Tim Radney - Database Professional by Tim Radney I am a Sr DBA for a top 40 US bank. I live in the south eastern US. I have been working with database since 1999 but only full time for the past three years.

Adding an Index to Save Space

Sounds weird right, but that is exactly what has happened with a VLDB I inherited.  A third party database that I support contains 23 columns per table and 16 of those columns have a non clustered index.  That’s it, that is all there is to the table? Each month a new table is created and that month’s data is stored in its respective table.  At some point monthly tables are merged into monthly tables and that is where they stay until retention periods are met and the tables are dropped.

Prior to me taking over support of this database all the quarterly and monthly tables were in a single file group.  Since this database is rather large I created file groups based on year and moved the respective tables to their yearly file group.  I started this project in late 2010 so I stopped with the year 2009.

So what is missing with my description of the index structure above.  I stated there are 16 non clustered indexes per table and we have quarterly tables for many years worth of data.  Where is the clustered index?  Yes folks, when I took over this system there was no clustered index on any of the tables.  We are talking billions of rows of data.

In order for you to move the tables into a new file group you have to move the clustered index.  I learned a great deal working on this project regarding indexes.  One of which is that if the table is a heap, SQL Server will assign an 8 byte row identifier for the non clustered index.  In my case I created a new column and chose INT as the data type.  Remember INT is only 4 bytes.

When I first started in development, I created a new table with the same columns as my production tables, created the new column as identity seed, created the clustered index, inserted all the data into the new table and recreated the 16 non clustered indexes.  That is all pretty basic stuff for moving data into a new file group.   Once all this was tested and verified with the vendor I created the new column on all production tables.  This was a necessity since the application uses a view with a UNION ALL across all the tables.  Only the quarterly tables have the clustered index with the identity seed column, the monthly tables contain the new column but all values are NULL.
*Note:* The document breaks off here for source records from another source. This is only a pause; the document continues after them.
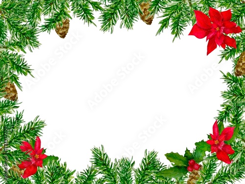 Christmas frame with watercolor Christmas tree fir branches cone red flowers poinsettia Illustration with frame with copy space is hand drawn. White background drawn. White background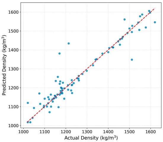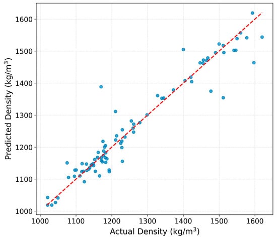 The IonIL-IM-D1 model presented excellent predictive performance on the independent test set. Namely, it achieved an of 0.906, a mean absolute error (MAE) of 28.352, and a root mean square error (RMSE) of 49.803. These results demonstrate the ability of this model to estimate IL density from molecular descriptors accurately. Robustness was confirmed through repeated cross-validation (5 folds × 10 repeats), yielding a mean of 0.835 with a standard deviation of 0.0575 across 50 folds. The final tuned SVR used an RBF kernel with , , and . Together, these results indicate the model’s reliability and suitability for high-throughput screening and rational design of ILs.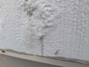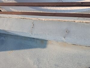 さらに、屋上の立ち上がり部分には細かなひび割れが発生しており、防水層の継ぎ目部分から水が入り込むリスクも確認されました。屋上防水では、この立ち上がり部分や排水口周辺が特に雨漏りの原因になりやすいため、重点的な補修や防水処理が重要になります。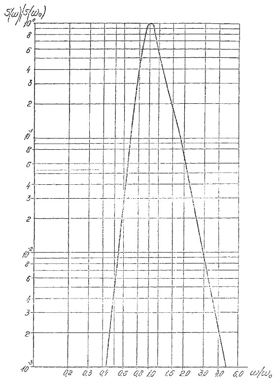 (м2с)/рад, w - текущая частота, рад/с; 4.1.5. Допускается при расчете частотного спектра ветровых волн использовать график рис. 4.1., причем S(w)/S(w0) определяют по безразмерной частоте w/w0, где S(w0) - спектральная плотность на частоте максимума, (м2с)/рад, w0 - частота максимума, рад/с. Спектральную плотность S(w0) и частоту максимума определяют по формулам: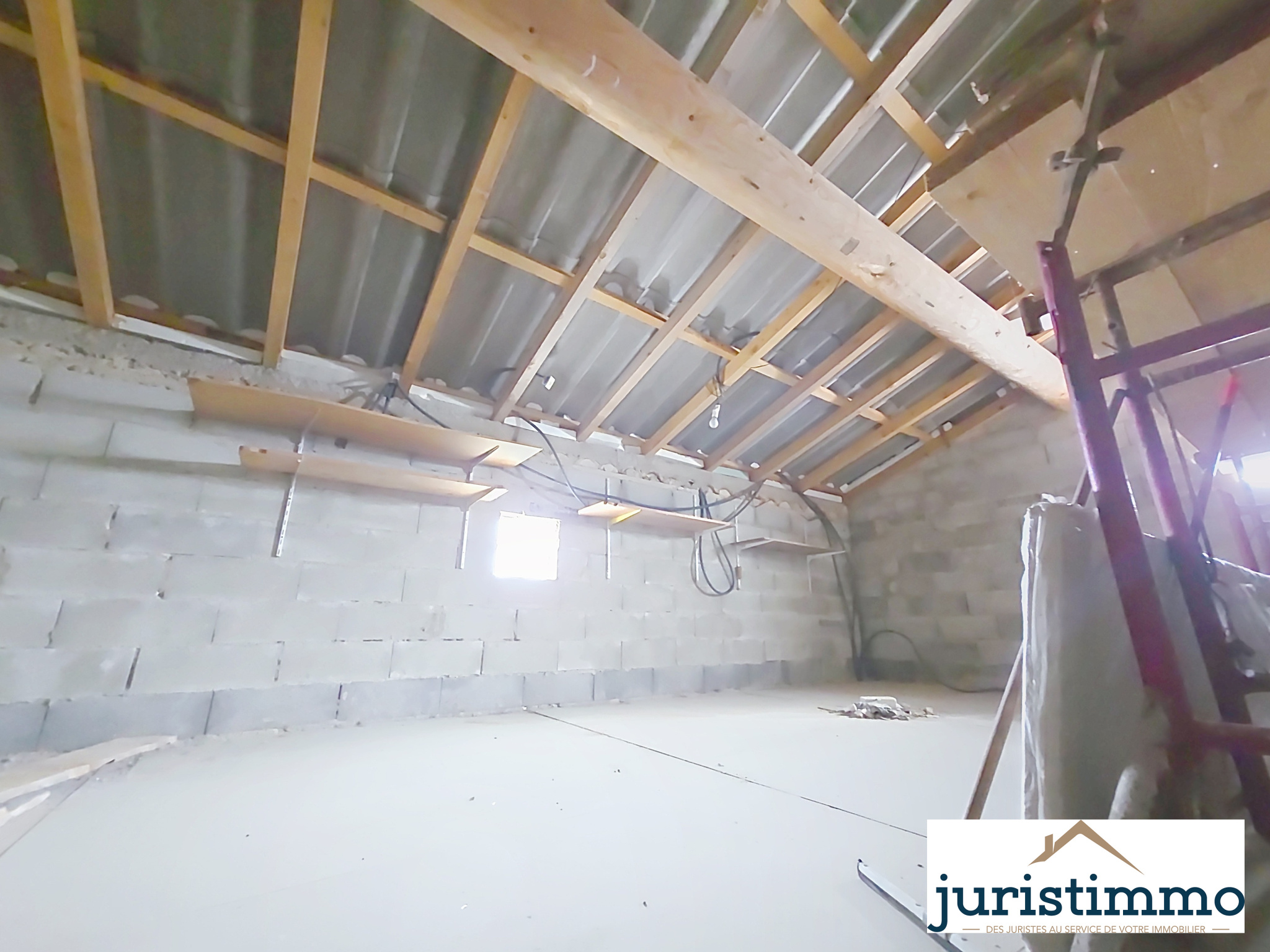 côté technique: plafond avec poutres apparentes soutenant un plancher porteur pour extension éventuelle avec un réhaussement de la toiture

So what happened?  I created a new table, made the column I created an identity seed, created a clustered index, filled the table full of production data, and then recreated all my non clustered indexes, which should increase the size of my database table right?  Nope.
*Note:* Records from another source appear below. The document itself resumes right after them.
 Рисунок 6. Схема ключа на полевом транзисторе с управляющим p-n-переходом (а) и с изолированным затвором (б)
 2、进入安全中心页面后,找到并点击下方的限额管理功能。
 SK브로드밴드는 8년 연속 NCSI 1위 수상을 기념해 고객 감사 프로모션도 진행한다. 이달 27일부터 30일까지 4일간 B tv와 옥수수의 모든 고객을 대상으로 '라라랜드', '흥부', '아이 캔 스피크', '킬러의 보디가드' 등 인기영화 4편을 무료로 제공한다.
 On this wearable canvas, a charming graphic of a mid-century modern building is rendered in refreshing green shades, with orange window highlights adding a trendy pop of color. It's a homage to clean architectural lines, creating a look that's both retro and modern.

In the example I show below the data size is the same because my production table also contains the new column but a NULL value.

So I created a clustered index, why did the size of my indexes shrink?  They should have grown right, I went from 16 non clustered indexes to a clustered index and 16 non clustered.  That is 17 indexes on the table.  Remember, before I created the clustered index the table was a heap therefore SQL assigned each row an 8 byte row identifier.  I made the 4 byte column I created late last year a clustered index.  A non clustered index also contains the row identifier.  In the case of the heap, each non clustered index contained the 8 byte row identifier that SQL Server had assigned.  I reduced the size of each non clustered index by 4 bytes.  Multiply that times millions of rows and 16 indexes per row.  It adds up quick doesn’t it?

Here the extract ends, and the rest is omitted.